It’s not a new thing to come across adware in Android. But the case becomes really alarming when the adware is busy installing random apps to your smartphone without even asking you. Well, that’s what a new adware does. The newly found Android adware targets a bug in the way accessibility features are handled in the OS. Even if the user cancels the installation, the adware goes ahead and installs those apps without the user’s permission.
Known as Shedun, the malware downloads unnecessary and tries to exploit a bug in Android through which it can interact with the device in different ways. According to the reports by security firm Lookout, Shedun is the third adware reported this month, and belongs to the same family as the other two adwares, that have been dubbed Shaunet and Kemoge. These malwares root the device they are on and install malicious apps apart from serving ads. More than 20,000 well-known Android apps that were hosted on unofficial sites have been affected.

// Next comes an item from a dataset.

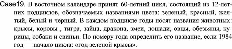 Case19. В восточном календаре принят 60-летний цикл, состоящий из 12-лет-них подциклов, обозначаемых названиями цвета: зеленый, красный, жел-тый, белый и черный. В каждом подцикле годы носят названия животных: крысы, коровы , тигра, зайца, дракона, змеи, лошади, овцы, обезьяны, ку-рицы, собаки и свиньи. По номеру года определить его название, если 1984 год — начало цикла: «год зеленой крысы».
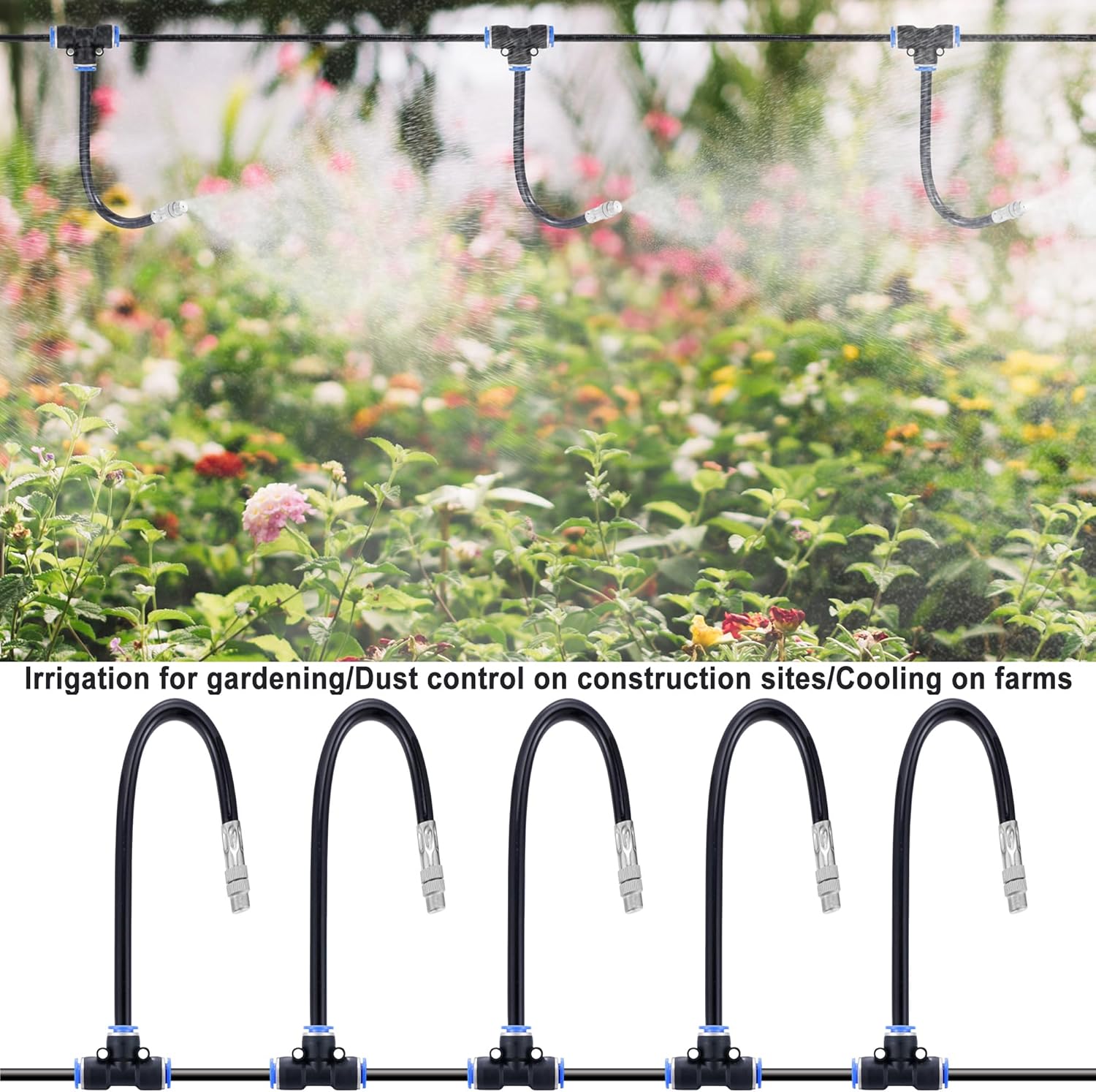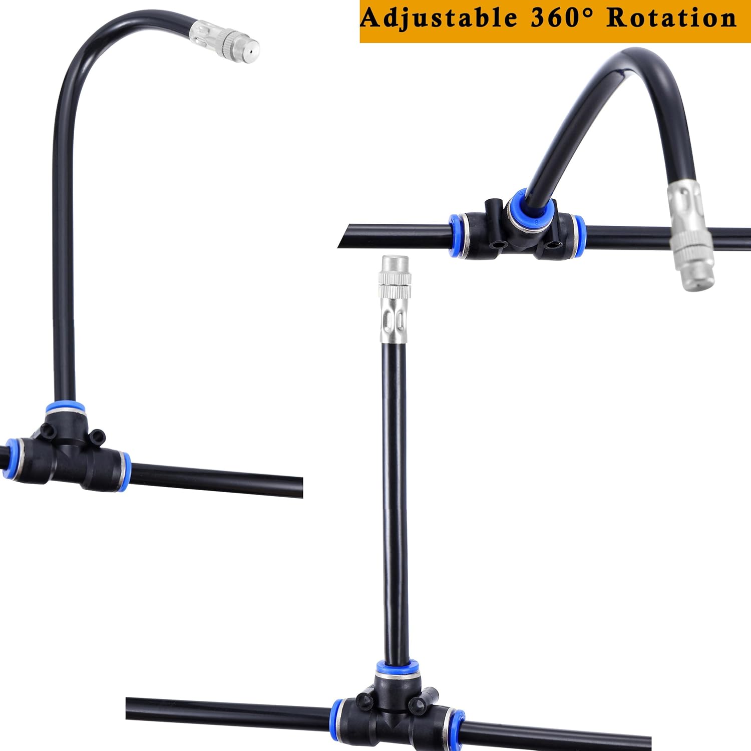 • 【Brass Misting Nozzles Tee with 8inch Built in Hose】: Made of premium brass, Mornajina Brass Misting Nozzles Tee with 8inch built in hose can be bent and fixed at 360 degrees, very convenient to adjust the place to be sprayed and specify the direction. And these misting nozzle tee thread sprayer with replacement heads equipped with leak proof self sealing o ring, no tape or sealant is required.

Shedun smartly makes the user grant it the permission for using the accessibility service. As a result, the adware can read the on-screen text and scroll through the list of permissions, finally hitting the install button automatically without the interaction of the user. Also, even if the user closes the pop-up ads, the apps get installed automatically. The main intention behind the makers of this adware is to increase their revenue by providing guaranteed installation to the clients.
Lookout expects more such malware to pop up in the future. Meanwhile, it is really alarming to see how Android is still so vulnerable in terms of security.